In
evidenza nell'agenda politica nazionale, c'è l'impegnativa questione
che riguarda la legge elettorale. Fin dal suo discorso di insediamento, il
Presidente del Consiglio Gentiloni aveva indicato la necessità di un
sistema elettorale omogeneo tra Camera e Senato poiché oggi sono in vigore in
Italia due leggi diverse ed incoerenti: il Consultellum per il Senato e
l'Italicum per la Camera e, quest'ultima, potrebbe oltretutto risultare
incostituzionale.
Pertanto,
al di là dalle urgenze gridate dalle varie forze politiche, un passaggio
parlamentare sulla questione appare inevitabile e la durata dipende
proprio dalla loro capacità di trovare un compromesso e dalla loro volontà
di raggiungere un accordo il più rapido possibile sulle regole del gioco.
Pressoché
tutte le forze politiche dicono di voler cambiare il vigente sistema
elettorale, ma la sensazione è che nessuno sappia come, ed il timore è che
nessuno lo voglia subito.
Così,
per la seconda volta in un mese, la palla viene giocata in prima battuta dalla
Consulta. Dopo il suo pronunciamento sui quesiti referendari proposti dalla
CGIL sul Jobs Act, infatti, il 24 gennaio la Corte Costituzionale torna a
tracciare in percorso, con l'avvio dell'esame sull'Italicum del quale, pare,
potrebbe individuare almeno sei profili di incostituzionalità. I più
importanti riguarderebbero il premio di maggioranza e la questione del
ballottaggio che assegna un grosso premio di maggioranza, ma anche
aspetti secondari come la presenza di "capilista bloccati"
(già dichiarata incostituzionale nella precedente legge elettorale, il
cosiddetto “Porcellum” poi corretto dalla Consulta nell'attuale legge
"Consultellum").
L’Italicum,
è una legge creata per garantire in ogni circostanza una netta maggioranza in
Parlamento per chi ha un voto in più degli altri, entro un panorama politico
non più bipolarista: un sistema studiato ad hoc, con forzatura
maggioritaria, per disinnescare l’attuale tripolarismo italiano
con un grosso premio di maggioranza che viene assegnato a chi ottiene il
40 per cento dei consensi su base nazionale o vince un ballottaggio tra i due
partiti più votati.
In
effetti, in presenza di una frammentazione elettorale in 3-4 blocchi di
medie dimensioni (PD, M5S, Lega Nord e Forza Italia) un eventuale Parlamento
riuscirebbe a formare una maggioranza solo grazie ad ampie ed instabili
coalizioni: l’Italicum era stato pensato proprio come un compromesso per
evitare questo risultato.

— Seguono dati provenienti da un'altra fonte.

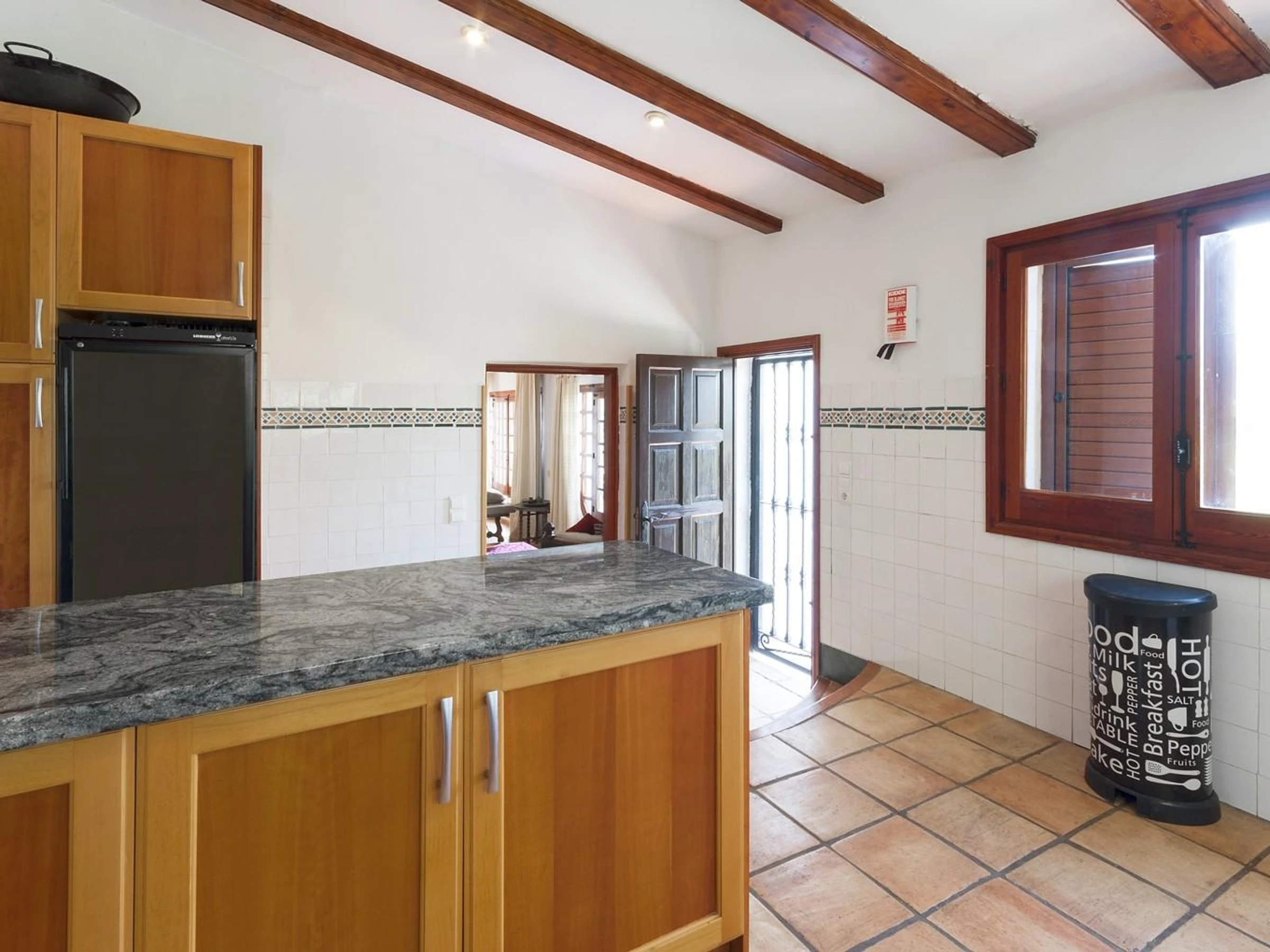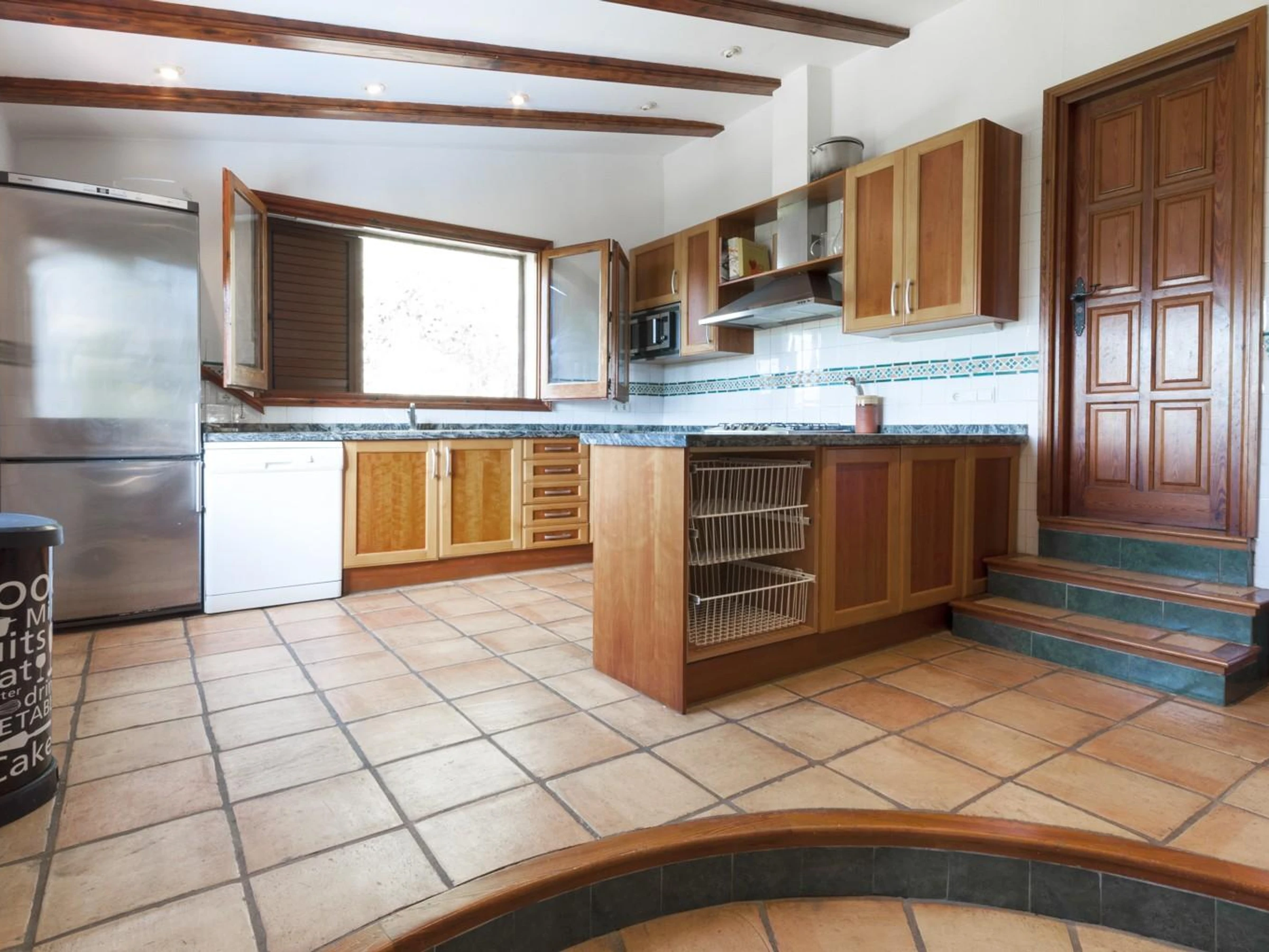 Dieses küche, ist ausgestattet in kühlschrank, mikrowelle, backofen, gefrierschrank, spülmaschine, kaffeemaschine und toaster.
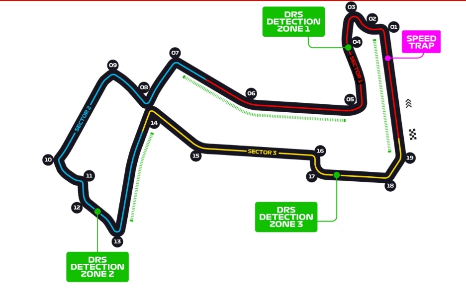 Al lungo rettilineo della partenza segue una serie di 4 curve gudate dalle quali si esce ad elevate velocità sino ad arrivare alla curva 5 e ad un nuovo rettilineo inframezzato dalla veloce curva 6 e termina con il memorial corner al quale segue la curva del ponte e la Padang.

D’altro canto, diventa difficile
legittimare questa forzatura che assegna la maggioranza a una forza
parlamentare votata soltanto da una minoranza dell’elettorato.
A
complicare la situazione, c'è il fallimento del referendum che ha lasciato il
Senato com’è adesso nella sua forma e nelle sue funzioni, con una
situazione opposta. La legge elettorale, infatti, è il cosiddetto “Consultellum”
che è un proporzionale quasi puro che fa l’esatto contrario dell’Italicum,
ossia produce un’altissima frammentazione del voto e rende
pressoché impossibile formare una maggioranza.
Per
queste ragioni, tutti i partiti riconoscono la necessità di una legge
elettorale organica, ma al momento le proposte in campo sono variegate e
rispecchiano, inevitabilmente, le esigenze di risultato.
Il
PD vuole andre al voto col "Mattarellum", che è la legge elettorale
già in uso dal 1993 poi sostituita nel 2005 dal cosiddetto
"Porcellum" che ha disciplinato l'elezione della Camera dei
deputati e del Senato della Repubblica in Italia fino al 2013. Il
"Mattarellum" è un sistema che assegna il 75 per cento dei seggi col
maggioritario ed il 25 per cento col proporzionale: è una legge elettorale
proporzionale con premio di maggioranza e liste bloccate, che pertanto
riunisce tre diverse modalità di ripartizione dei seggi (quota maggioritaria di
Camera e Senato, recupero proporzionale al Senato, quota proporzionale alla
Camera) e per tale ragione venne anche chiamato col nome del mostruoso essere della mitologia greca, "Minotauro" mezzo uomo e
mezzo toro.
Lega
Nord e Fratelli D'Italia appoggerebbero questa proposta. Forza Italia, invece,
che non è più l'altro polo di un superato sistema bipolaristico, chiede una
legge proporzionale così come le altre formazioni politiche più piccole che,
naturalmente, chiedono soglie di sbarramento non troppo alte.
Il
M5s, invece, se in un primo momento spingeva per le elezioni rapide a
prescindere dalla sentenza della Consulta, oggi chiede di andare al voto subito
DOPO il pronunciamento della Corte Costituzionale recependone le indicazioni.
In
questa situazione, la decisione di affidare alla Consulta il compito di guidare
il percorso di riforma della legge elettorale entro la nassa delle
antagonistiche proposte dei vari partiti, naturalmente dettate dai loro
primari bisogni di risultato, appare la soluzione più consona. Se poi, la legge
elettorale emendata dalla Corte Costituzionale fosse immediatamente
applicabile, la possibilità di andare alle urne in tempi brevi sarebbe davvero
concreta: con buona pace di tutti quei politici che sperano in un rinvio dopo il mese di settembre, per
garantirsi le proprie indennità.
Stando
alle norme approvate nel 2012 che hanno introdotto il calcolo su base
contributiva, infatti, i requisiti per il pensionamento di tutti i parlamentari alla
prima legislatura prevedono il traguardo dei quattro anni, sei mesi e un
giorno di lavoro in Aula. Dato che il Parlamento italiano si è insediato il 15
marzo del 2013, per avere il vitalizio la legislatura non dovrebbe terminare
prima del 16 settembre 2017. A pensar male si fa peccato ma spesso si
indovina, diceva qualcuno..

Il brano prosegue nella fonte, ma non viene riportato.